KI bereits im Einsatz

Apropos Zukunft: Die dürfte bei Fill mittelfristig den stärkeren Einsatz von Künstlicher Intelligenz bringen, wiewohl die Innviertler punktuell schon heute darauf setzen. So kommen Deep-Learning-Algorithmen dort zum Einsatz, wo die herkömmliche Bildverarbeitung an ihre Grenzen stößt: Bei der Identifikation von Lunkern etwa, Hohlräumen, die sich bei der Erstarrung gegossener Teile in Ausnahmefällen bilden können. Ein Diplomand der TU Graz, der sich dieser kniffligen Materie annahm, ist mittlerweile fester Mitarbeiter bei Fill.

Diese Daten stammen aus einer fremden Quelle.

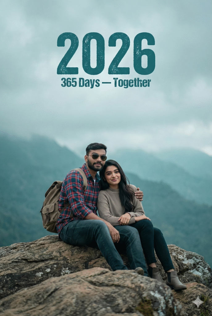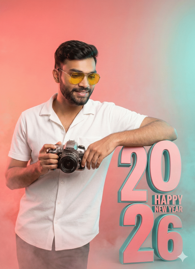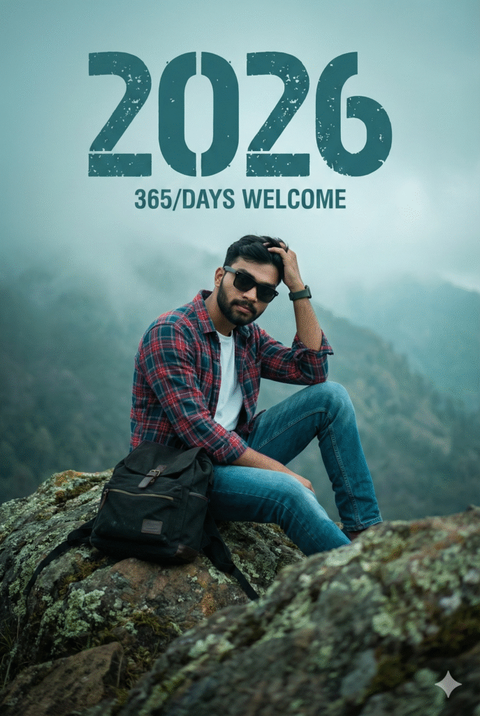 Uploaded man wearing a open marun shirt with black t shirt and cargo. The composition is double exposure style: a large, dominant portrait of the man in the background, with a smaller, full body version of him layered in the foreground. Dominant text in a modern, bold font “2026” with the subtitle “A NEW JOURNEY” and “365/365”. At the bottom, stylized, glowing cursive text says “HAPPY New Year”. Baground dark and lighting, flowing baluns, smoke behind his. A small TrickyDost signature in left corne…SMILING]

Einem Betrieb, der sich seiner Verantwortung als Leitbetrieb der Region demnach also auch in Sachen Ausbildung stellt. Ein generationenübergreifender Think tank, der auch wegen eines 360-Grad-LED-Wall das Zeug zum „coolsten Klassenzimmer Europas“ (O-Ton Andreas Fill) hat, wurde kürzlich eröffnet. Im Sommer fand hier im Future Lab gestaffelt der erste Unterricht für wissenshungrige Elementar- und Primarschüler in Form von Workshops in acht Lernmodulen von VR über Mobilität bis zur Robotik statt. Bei den 14-Jährigen soll - geht es nach Alois Wiesinger - künftig freilich nicht das Ende der Fahnenstange erreicht sein. „Wir wollen auch Kunden und Partner in ein Schulungsprogramm integrieren“, hört man in Gurten.